Reproduce exactly, from the data that follows, the line with "- ผู้ถือบัตรเครดิตเจซีบีกสิกรไทยที่มีสิทธิรับคะแนนสะสม K", the line with "幽默的是,邮件里甚至连中行全", and every line that lies between them.
--- AVAILABLE DATA ---
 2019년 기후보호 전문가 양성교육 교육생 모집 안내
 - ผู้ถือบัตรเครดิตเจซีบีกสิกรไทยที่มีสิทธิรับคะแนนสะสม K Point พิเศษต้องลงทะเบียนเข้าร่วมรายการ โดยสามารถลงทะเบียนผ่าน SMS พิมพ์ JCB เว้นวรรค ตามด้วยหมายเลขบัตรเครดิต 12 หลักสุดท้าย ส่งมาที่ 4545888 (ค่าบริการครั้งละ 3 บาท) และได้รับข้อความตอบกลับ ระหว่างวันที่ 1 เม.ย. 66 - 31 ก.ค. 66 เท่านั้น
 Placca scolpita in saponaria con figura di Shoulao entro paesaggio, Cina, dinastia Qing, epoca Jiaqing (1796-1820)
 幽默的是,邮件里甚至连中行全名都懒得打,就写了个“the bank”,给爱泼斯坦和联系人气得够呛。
---
--- AVAILABLE DATA ---
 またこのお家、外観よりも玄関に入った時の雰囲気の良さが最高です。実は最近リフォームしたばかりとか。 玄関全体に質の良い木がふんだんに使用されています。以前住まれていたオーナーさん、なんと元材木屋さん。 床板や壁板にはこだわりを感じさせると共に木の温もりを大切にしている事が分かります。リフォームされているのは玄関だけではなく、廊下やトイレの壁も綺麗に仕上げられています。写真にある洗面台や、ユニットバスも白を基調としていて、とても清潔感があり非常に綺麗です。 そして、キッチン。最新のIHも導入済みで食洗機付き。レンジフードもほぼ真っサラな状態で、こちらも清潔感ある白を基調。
---
--- AVAILABLE DATA ---
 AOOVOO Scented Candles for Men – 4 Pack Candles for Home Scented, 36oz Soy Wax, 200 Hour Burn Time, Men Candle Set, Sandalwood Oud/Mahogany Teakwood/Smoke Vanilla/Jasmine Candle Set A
---
:: ANSWER BOX ::
 - ผู้ถือบัตรเครดิตเจซีบีกสิกรไทยที่มีสิทธิรับคะแนนสะสม K Point พิเศษต้องลงทะเบียนเข้าร่วมรายการ โดยสามารถลงทะเบียนผ่าน SMS พิมพ์ JCB เว้นวรรค ตามด้วยหมายเลขบัตรเครดิต 12 หลักสุดท้าย ส่งมาที่ 4545888 (ค่าบริการครั้งละ 3 บาท) และได้รับข้อความตอบกลับ ระหว่างวันที่ 1 เม.ย. 66 - 31 ก.ค. 66 เท่านั้น
 Placca scolpita in saponaria con figura di Shoulao entro paesaggio, Cina, dinastia Qing, epoca Jiaqing (1796-1820)
 幽默的是,邮件里甚至连中行全名都懒得打,就写了个“the bank”,给爱泼斯坦和联系人气得够呛。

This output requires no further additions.